Smuggling a large amount of the drug into Manneran, Kinnall starts to be the apostle of a new selfbaring cult, convincing many people to share the telepathic drug with him. Among them is his bondbrother Noim. Finally, betrayed and revealed, he seeks escape to Noim's estate in Salla. There he is visited by his beloved Halum, and they share the drug. She is so disturbed by the experience that she enters the pen of the voracious stormshields, who shred her to pieces.
This is taken as evidence of drug being dangerous, and of Kinnall being a criminal for spreading it. Kinnall takes his last flight to the Burnt Lowlands where he ultimately is captured by the royal guards.

The book ends ambiguously. One possibility is that though Kinnal himself was executed or imprisoned for life, what he started developed into a widespread movement or cult, of which the book itself is in effect the Scriptures or basic document, and which eventually succeeded in overthrowing the established order. The other possibility is that all this was nothing more than a hallucination which Kinnal experienced under the influence of his drug, and that what he started ended with him. Both possibilities are left open—which evidently was Silverberg's deliberate intention.

==Characters, places and concepts==
===Characters===
- Kinnall Darival - A prince of Salla, second son of the septarch. Tall and muscularly sportive.
- Stirron - Older brother of Kinnall. A hulk like his brother. Eventually becomes septarch of the province of Salla.

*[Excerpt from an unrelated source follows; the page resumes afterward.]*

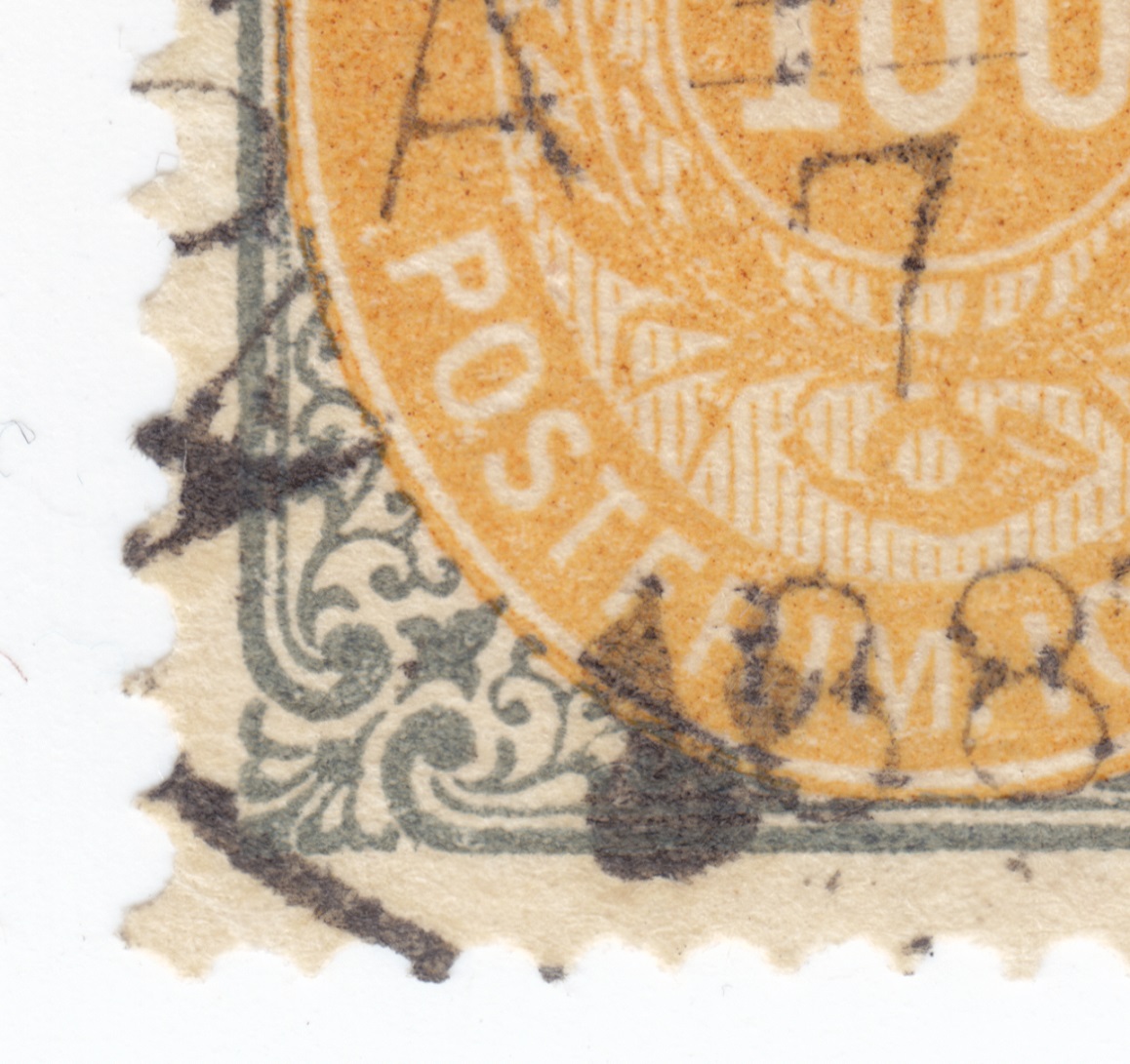 Mi. 31 II YA, sollte also AFA 31y sein. Ich zähle 14 Zähne oben, also enge Zähnung. Passt. Kopfstehender Rahmen, passt. Der Stempel könnte von 1897 sein, zusammen mit dem kopfstehenden Rahmen wohl Zuordnung zum 4. Druck, Oktober 1895, OMV.RM., grüngrau/gelb. Alle 100 Öre ab 3. Auflage 1891 Rahmenhauptgruppe 5.

- The septarch - Father of Stirron and Kinnall. A man of slender body and modest height. Killed by a hornfowl - a large bird of prey - which caused Stirron to become the new septarch.

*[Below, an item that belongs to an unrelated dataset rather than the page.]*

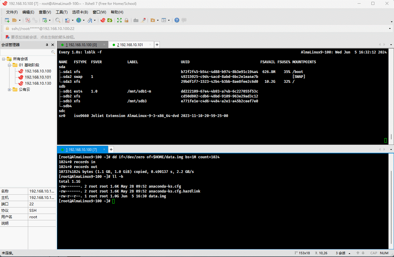 - 示例:将该文件远程发送到其它系统中,并挂载到指定目录,再查看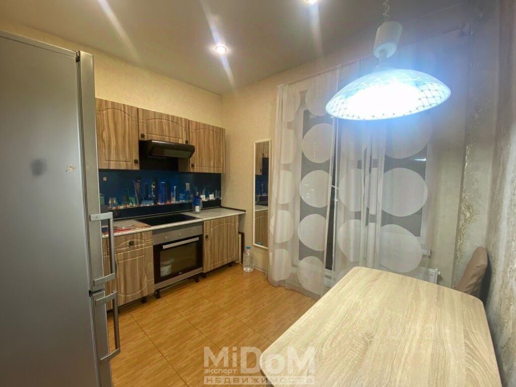 -- Укомплектована необходимой мебелью и техникой: стиральная машина, холодильник, чайник, варочная панель, духовка, чайник, вытяжка, кухонный гарнитур, стол и стулья; кровать, раскладной диван, шкаф, телевизор; прихожая.

- Noim Condorit - Kinnall's bondbrother. Son of Luinn Condorit from the northern frontier of Salla.
- Halum Helalam - Kinnall's bondsister and his forbidden love interest. Daughter of Segvord Helalam from Manneran.
- Schweiz - An earthman. A merchant who develops a strong relationship with Kinnall.

===Concepts===
- Bonding - A personal alliance between individuals arranged by the families since early childhood. These bond-kin are intended to become very close friends.

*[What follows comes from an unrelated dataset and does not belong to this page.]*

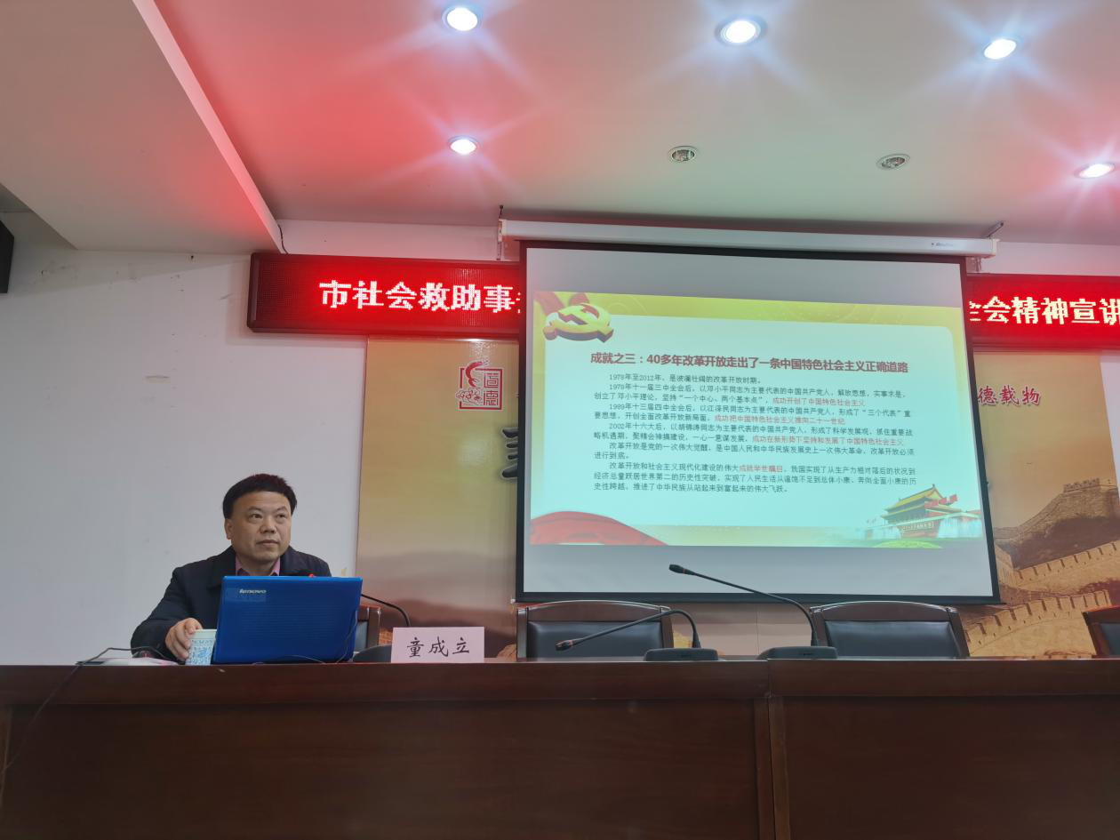 12月24日,市社会救助事务中心召开学习贯彻党的十九届六中全会精神宣讲会暨第四季度党员大会。市直机关工委副书记童成立作专题宣讲,党支部书记、主任卞德荣同志主持会议,中心全体干部职工、退休党员参加。

- Drainers - Throughout the story, Kinnall seeks relief in the drainers - much like Catholic confessors. The drainers are supposed to keep these revelations secret; however, at least one eventually uses the information he learns for political revenge.

===Places===
- Planet Borthan - An Earth colony orbiting around a golden-green sun. There are five continents: Velada Borthan, Sumara Borthan, Umbis, Dabis and Tibis.
- Burnt Lowlands - Arid place in the middle of Velada Borthan, flanked by two immense mountain ranges: the Huishtors in the east and the Threishtors in the west.
- Velada Borthan - "The Northern World". Most important continent and home of the first-world human civilization. Divided into eastern and western portions by the Burnt Lowlands. Western portion is divided into nine unnamed provinces. The eastern portion has four provinces: Salla, Glin, Manneran and Krell.
- Sumara Borthan - "The Southern World". In the early days of the planet's settlement, those who defied the Covenant were exiled to this southern continent, covered largely by a tropical jungle. Their society has devolved to a more or less primitive state, based around the ritual use of the selfbaring drug. Though not explicitly stated, the name may in some ways be derived from Sumatra.
- Salla - A province of Velada Borthan. The capital, Salla City, is the home of Kinnall and Stirron.
- Glain - Capital of the Glin province. Ugly, miserable, dismal. The folk of Glain are described as having dark clothes, dark frowns, dark souls, closed and shrunken hearts.
- Biumar - Glin's main seaport and second most populous city. A greasy gray sprawl of an oversized town, backed up against a gray and menacing ocean.
- Manneran Province - Province favored by the gods. The air is mild and sweet, filled all the year through with the fragrance of flowers.
- Manneran - Prosperous, hot and beautiful capital city of Manneran Province. Its site is the finest natural harbor in all Velada Borthan. Manneran has established itself as the holy of the holies with the famous Stone Chapel, and a powerful center of commerce.